+++ Data
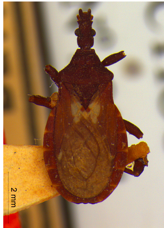
Figure 3. Type specimen of M. trinidadensis deposited in the Triatominae Collection at the Oswaldo Cruz Institute (CTIOC), Rio de Janeiro, Brazil.

The specimen of M. trinidadensis was collected in the açai palm, a species that is associated with cases of Chagas disease in the northern Amazon (Beltrão et al. 2009, Nóbrega et al. 2009). The occurrence of M. trinidadensis in this palm could be an epidemiological alert,
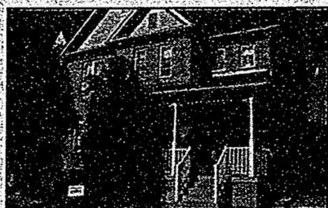
63 Dancer's Drive List $469,900
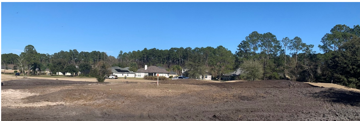
Picture of rough shaping of new 7 green taken from the south-west

Wadsworth's first earth moving was behind the old 16 th green where they diced up the soil for the new location of the future 7 th green. At the same time old irrigation heads and boxes are being removed from holes in preparation for future grading and shaping. The initial construction started on the East side of the course in order to insure the irrigation transfer pump and new pump station were on line as early as possible for the future irrigation of new sod and sprigs. You can really start to see the outline of the new course in this area.
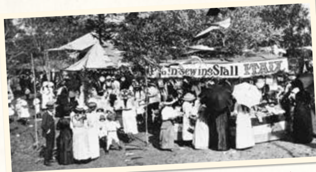
Rosalie and Milton Patriotic Fete during World War I, 1915

Please note that 'Boondah' is a private property and is not open to the public.
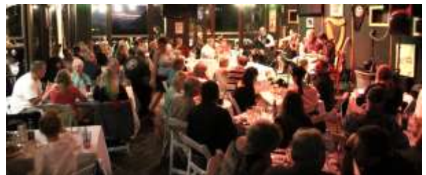
The many who gathered at Mulligan's On The Blue for an evening of Scottish tradition
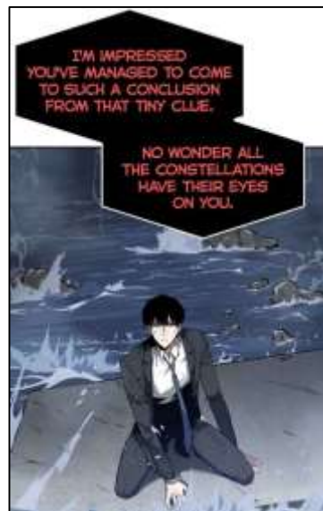
Figure 4.7 The example of metaphor in episode 13

The author used the phrase "prove my worth" to express the ability or value of someone in a relationship. The word "worth" not to be taken literally as cost, price, etc.
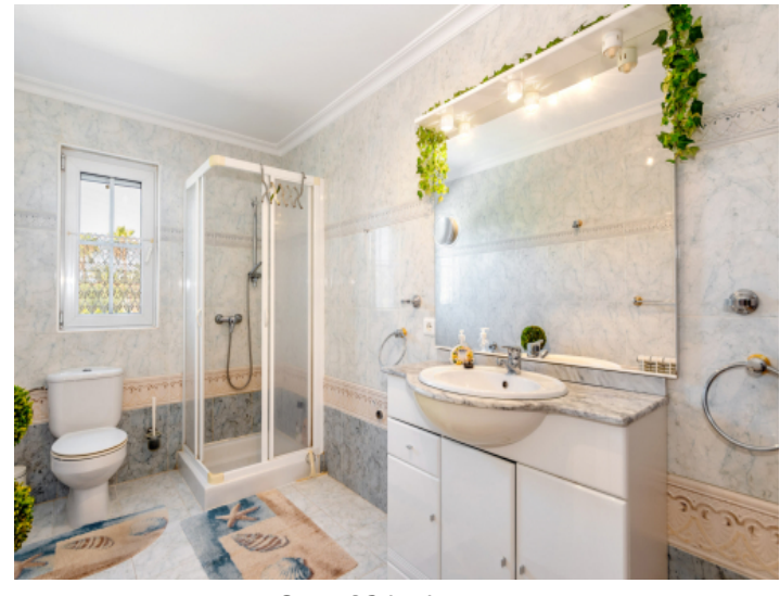
One of 2 bathrooms
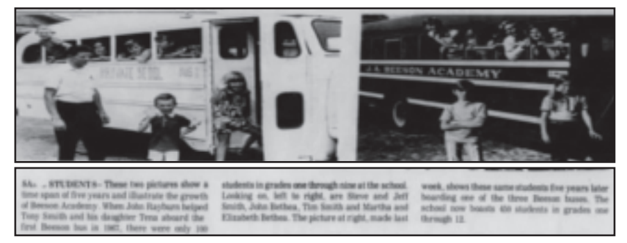
Hattiesburg American, May 24, 1972, 28.

Beeson's population jumped from 245 to 460 students in grades 1-12, primarily in response to integration within the Hattiesburg high schools. This increase was in line with national data showing a "racial tipping point" when local schools reached 25 to 35 percent minority population. He majority of new students came from the upper grades in the relatively wealthier area of Hattiesburg immediately south of USM, which had been redistricted to Blair in 1970-71. Beeson grew to a staff of twenty-seven teachers, as well as an elementary supervisor, guidance
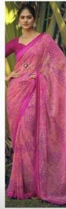
◦ 41133 ◦
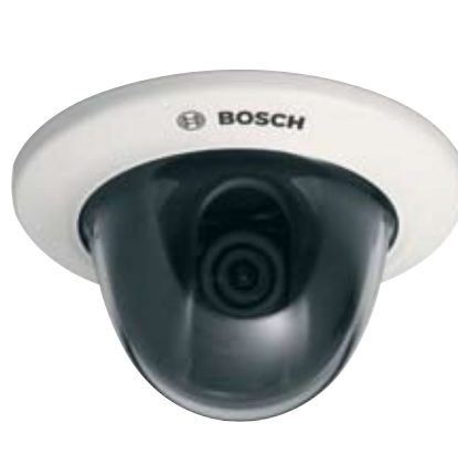
Bosch FlexiDomeXT+ is designed to produce high quality video under difficult lighting conditions as well as in the harshest environments.
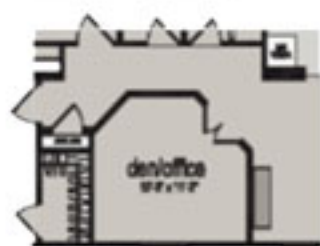
OPTION DEN / OFFICE IN LIFT OF BEDROOM 2.
++++++
What is expected:
Each line in the material above that mentions the word "well" must be copied.

Your solution:
Beeson's population jumped from 245 to 460 students in grades 1-12, primarily in response to integration within the Hattiesburg high schools. This increase was in line with national data showing a "racial tipping point" when local schools reached 25 to 35 percent minority population. He majority of new students came from the upper grades in the relatively wealthier area of Hattiesburg immediately south of USM, which had been redistricted to Blair in 1970-71. Beeson grew to a staff of twenty-seven teachers, as well as an elementary supervisor, guidance
Bosch FlexiDomeXT+ is designed to produce high quality video under difficult lighting conditions as well as in the harshest environments.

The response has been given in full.